Я после тифа стрижена была наголо, одета в серые мужские брюки, фамилия — Пашкевич, не определить пол, вот и приняли за парня — единственного среди девчонок. Один из мастеров так и сказал: «Этого я себе заберу». Ну а раз мужчина, поставили на тяжелую работу — гальваником. Вентиляция плохая, ванны с цианистым калием. Всю войну там и проработала. Кстати, мастер долго заблуждался. Но однажды перед праздником в обмен на хлебную карточку мне удалось купить себе на базаре платье. И вот первомайский заводской вечер. Смотрит начальник: а Пашкевич — девушка.

В Свердловске поначалу нас разместили на ночлег в краеведческом музее — среди чучел. Потом построили бараки: в каждой комнате по 25 двухъярусных кроватей. Кругом крысы, мыши, насекомые всякие. Принесешь кусочек хлеба и не знаешь, куда спрятать: даже из–под подушки крысы вытащат. Работали по 12 часов в сутки в две смены. Первый выходной получили 9 мая 1945 года. До этого в большие праздники вообще становились на военное казарменное положение, не выходили сутками. Однако, несмотря ни на что, в нас столько энергии бурлило! Я в самодеятельности пела, в госпиталь ходила. А как раненые меня любили! Всегда приносила им махорку. Пойду на базар — там много стояло женщин с мешками, продавали самосад, — скручу папиросину, чем побольше, прикурю, сделаю вид: нет, не нравится, и самокрутку — в карман. Полные карманы наберу. Так и сама немножко втянулась. После войны, правда, сразу бросила.

Помню, объявили в общежитии — состоится встреча с участницей боев. Привезли к нам девушку — правильнее, принесли — без рук, без ног... Узнаю: наша, белоруска, — Зина Туснолобова. Такая симпатичная. Держалась замечательно. Ее очень поддерживали бойцы с фронта, письма слали мешками. Много лет спустя мы уже встретились в Минске.

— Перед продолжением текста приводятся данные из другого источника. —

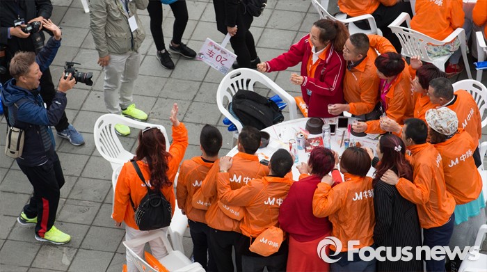(서울=포커스뉴스) 10일 오후 서울 서초구 반포한강공원에서 중국 건강보조제품 회사 중마이과기발전유한공사 소속 임직원들이 삼계탕 만찬 전 기념촬영을 하고 있다.

— На фронт больше не рвались?

— Нет, потому что знала: и тут делаем важное дело. Был у нас один цех, в который вообще никого не пускали, а вывозили оттуда какую–то ерунду металлическую. Потом оказалось — рамы для «катюш». Я и сейчас, когда подхожу к танку, что стоит возле Дома офицеров, обязательно хочу до него дотронуться, — знаю: в нем заложен и мой труд, это и мое детище. Очень горжусь своим танком.

Семейные узы

— Роза Кондратьевна, как я понимаю, ваш отец задал вам определенную жизненную установку?

— Конечно, его влияние сказалось. Папа родом из Барановичской области, деревня Кутовщина. Был батраком. Его забрали в армию, в морфлот, — может, потому что высокий, складный. Служил в Кронштадте на корабле, там и революция застала. В Кронштадте же познакомился с белоруской из Березино, моей мамой. Она попала сначала в Петербург в прислуги — ее вывезли какие–то богатые люди, потом поступила работать на завод, где делали подводные мины. Завод переехал в Кронштадт. Там родители и поженились. Они очень любили друг друга. Маму звали Ева Адамовна — интересное имя, правда?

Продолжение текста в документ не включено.